Howe & Bassett Home Page About Us / Our History Our Services Our Products Ask The Plumber Contact Us

Flush-valve toilets don't fit in homes
Jerry Ludwig, Democrat & Chronicle

Dear Jerry: Are the toilets in public restrooms (the ones without the tank) practical for home use? What's the significance of the tank if you don't need one?
— R.I., via email

Answer: As plumber Steve Howe of Howe and Bassett told me, the reason flush-valve toilets are used in commercial installations is that they work better, have less clogging problems and require less maintenance.

The reason that one seldom sees this type of toilet in a residential installation is that they require a one-inch water main, installed up on the wall behind the toilet.

Most residential toilets are supplied with a one-half-inch line through the floor.

The waste pipe location is another incompatibility. Most residential toilets are "roughed in" at 12 inches from the wall near the rear of the toilet.

Commercial flush-valve toilets are roughed in at 10 inches from the wall.

Howe stated that most gravity and power-flush toilets have greatly improved in the past few years.

Howe's favorite brands of tank-type toilets, listed in order of preference, are TOTO, Kohler and American Standard. Plumber Frank Ziefel concurs and recited the same liat when asked for his preferences.


Poor sink venting can release sewer gas
Jerry Ludwig, Democrat & Chronicle

Dear Jerry: Our bathroom sink emits an odor so bad that I cannot put my head over it to brush my teeth.

We have consulted three different plumbers and they all have their own solutions: pour vinegar in the overflow; scrub the drain as deeply as possible; keep the stopper clean.

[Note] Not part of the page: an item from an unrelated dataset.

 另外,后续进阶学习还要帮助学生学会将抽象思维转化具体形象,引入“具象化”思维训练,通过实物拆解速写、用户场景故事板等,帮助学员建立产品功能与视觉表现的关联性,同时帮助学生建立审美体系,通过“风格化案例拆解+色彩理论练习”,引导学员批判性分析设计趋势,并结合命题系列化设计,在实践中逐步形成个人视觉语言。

We have done all of this. We have also used Draino and Liquid Plumber.

The sink has been this way since we had the plumbing changed from copper to PVC pipes. It was copper for 45 years with absolutely no problem.

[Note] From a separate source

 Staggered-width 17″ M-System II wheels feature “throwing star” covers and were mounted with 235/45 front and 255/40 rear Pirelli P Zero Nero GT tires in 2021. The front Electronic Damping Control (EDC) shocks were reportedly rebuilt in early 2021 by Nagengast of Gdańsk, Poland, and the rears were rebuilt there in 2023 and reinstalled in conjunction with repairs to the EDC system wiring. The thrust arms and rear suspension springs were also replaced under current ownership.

The last plumber put in a special trap that we thought would solve our problem, but it hasn't. We did have a sewer line installed from the street to the house last summer, but if that was the problem, I would think that the odor would occur at all fixtures and not just the one sink.

Does this trouble also contaminate the water drawn from the sink?
— J.M., Webster

Answer: I consulted on a similar problem recently, and I confess that plumbing odors somtimes can be difficult to solve. Steven Howe of Howe and Bassett, a Rochester plumbing firm, told me that there were two basic causes of foul sink odors.

First, the sink itself could be contaminated. If the sink has been used for anything other than brushing teeth, washing face and hands, etc., bacteria could have built up around the drain or in the overflow channel. I doubt whether this is the cause or the odor, but in cases when the sink has become contaminated, the sink is usually removed and flushed out with acid or replaced with a new unit.

The second and most likely cause of the odor is lack of proper venting. This, in turn, could cause the sewer gas odor that you are likely smelling. If the sink is not properly vented, the flushing of a toilet or running of another fixture could cause the trap to be sucked dry.

The purpose of a trap on a plumbing fixture is to provide a column of water between the waste line and the fixture openings.

If the fixture is not poperly vented, this layer of water can be pulled down the drain, leaving the trap open for gas to escape.

Howe has seen some antisiphon traps installed upside down. As a result, no water remains in the trap; that will result in sewer gas escaping from the sink's drain.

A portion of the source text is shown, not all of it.